Tellingly, since 2009, motor sport no longer has its own director within Ford’s European management structure – Gerard Quinn is but a manager (and a renowned budgetary hitman), who reports in to both the Vice President of Marketing, Sales and Service and to the Vice President of Communications and Public Affairs.
Success on the stages is one thing, therefore, but if taking part in rallies is failing to shift metal off the forecourt then there’s no reason for Ford to devote a hefty chunk of its budget to the WRC. The one thing that Quinn has in common with Ford’s earlier motor sport directors such as Mark Deans and Martin Whitaker is a preoccupation with how badly the WRC has done at selling itself.
Whether it’s service parks that are hidden away out of the public eye rather than encouraging the locals in to explore, the lunacy of holding the Rally of Italy in Sardinia rather than the mainland or the absence of investment in online access to the sport… year after year the Ford bosses have watched millions of dollars getting thrown into the weeds.
Since the end of 2011, Ford has had to carry this cost without Abu Dhabi Tourism Authority funding. The cars carry Castrol colours but BP is a production partner to Ford Motor Company, meaning that a lot of what is believed to be a notional $10 million ‘sponsorship’ is in fact made up from deals that help deliver cars more cheaply rather than direct cash to the rally programme.
A year ago, Ford renewed its wedding vows to the WRC with a 24-month agreement to M-Sport. Gerard Quinn was absolutely transparent about the rationale, however:
“We had to be confident about the stability of the championship and to ensure it continues to provide great value and increased exposure globally,” he said. “We discussed it with our stakeholders and after receiving such assurances we look forward to focusing on competition once again.”
What happened? The WRC promotion imploded a month later, with the 2012 series taking place in a virtual blackout. As a result, Quinn made noises about switching to a cost-effective and well-promoted effort in the IRC but this is no longer available. So all eyes at Ford’s offices in Cologne will be on what Red Bull is going to make of the job of selling the WRC worldwide.

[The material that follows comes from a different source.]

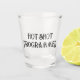 This custom shot glass features "hot shot programmer" in decorative serif typography. Makes a funny gift for a talented computer programmer, coder, or developer, and with editable text, you can customise it.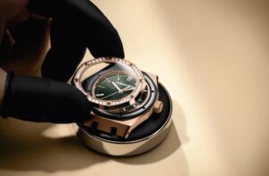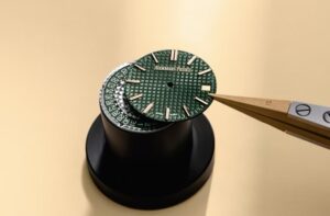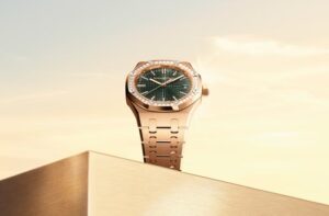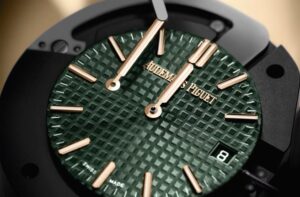 「15551OR.ZZ.1356OR.06」は、18Kローズゴールドをケースとブレスレットに使用し、ベゼルにブリリアントカットのダイヤモンドを配した豪華なモデルです。カーキグリーンの「Grande Tapisserie」模様を施したダイヤルが、ウォームトーンのゴールドと相まって、個性的でありながらエレガントな存在感を放ちます 。

In three months’ time, Red Bull Media House will open its account as the WRC promoter with the biggest event on the calendar, the Monte Carlo Rally. That one event must set the tone for the year as a whole in how the WRC presents itself to the world from that point onward.

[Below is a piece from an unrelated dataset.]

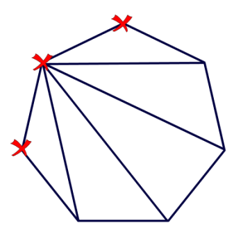 If you look at the diagram to the right, you'll see that I've marked three vertices with an X. Why? Because those are the vertices we can't draw a diagonal to. You can't draw a diagonal from a vertex to itself, and you can't draw a diagonal from a vertex to its neighboring vertex. After all, drawing a line between two neighboring vertices isn't drawing a diagonal; it's drawing a side!

Let’s assume that they’re starting with a clean sheet of paper, not only developing online platforms for the WRC but also attacking all the TV stations that they are advertising with around the world, massaging the American interest in rallycross and working together with the teams to ensure maximum effort in all promotional activity.

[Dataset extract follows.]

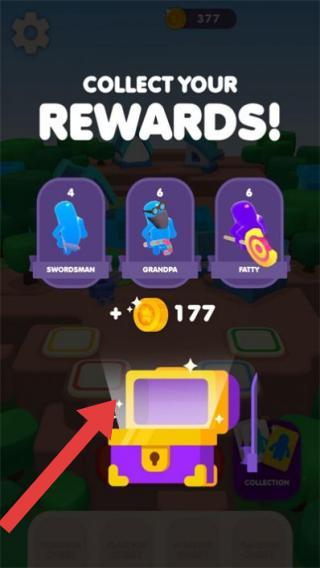 3、文字“COLLECTYOURREWARDS!”提示玩家领取奖励,界面展示了三个奖励物品,下方显示可领取177枚金币,还有一个宝箱图标,点击宝箱可领取奖励。

After that, however, the job of keeping Ford in the WRC must rest with Malcolm Wilson and the M-Sport team. They have to give Gerard Quinn the tools that he needs to go to the accountants in Cologne and justify committing to the series until 2015 at least.
The revenues that M-Sport brings from selling and servicing customer cars in the WRC, WRC2, WRC3, regional and national series might give leverage to ease the pain – although it must now face competition in the marketplace from Peugeot, Renault, Toyota and Citroën.
More importantly, the WRC programme itself needs to show signs of success, and produce either Ford’s first drivers’ championship victory since 1981 or its first manufacturers’ crown since 2007 – with or without Jari-Matti Latvala.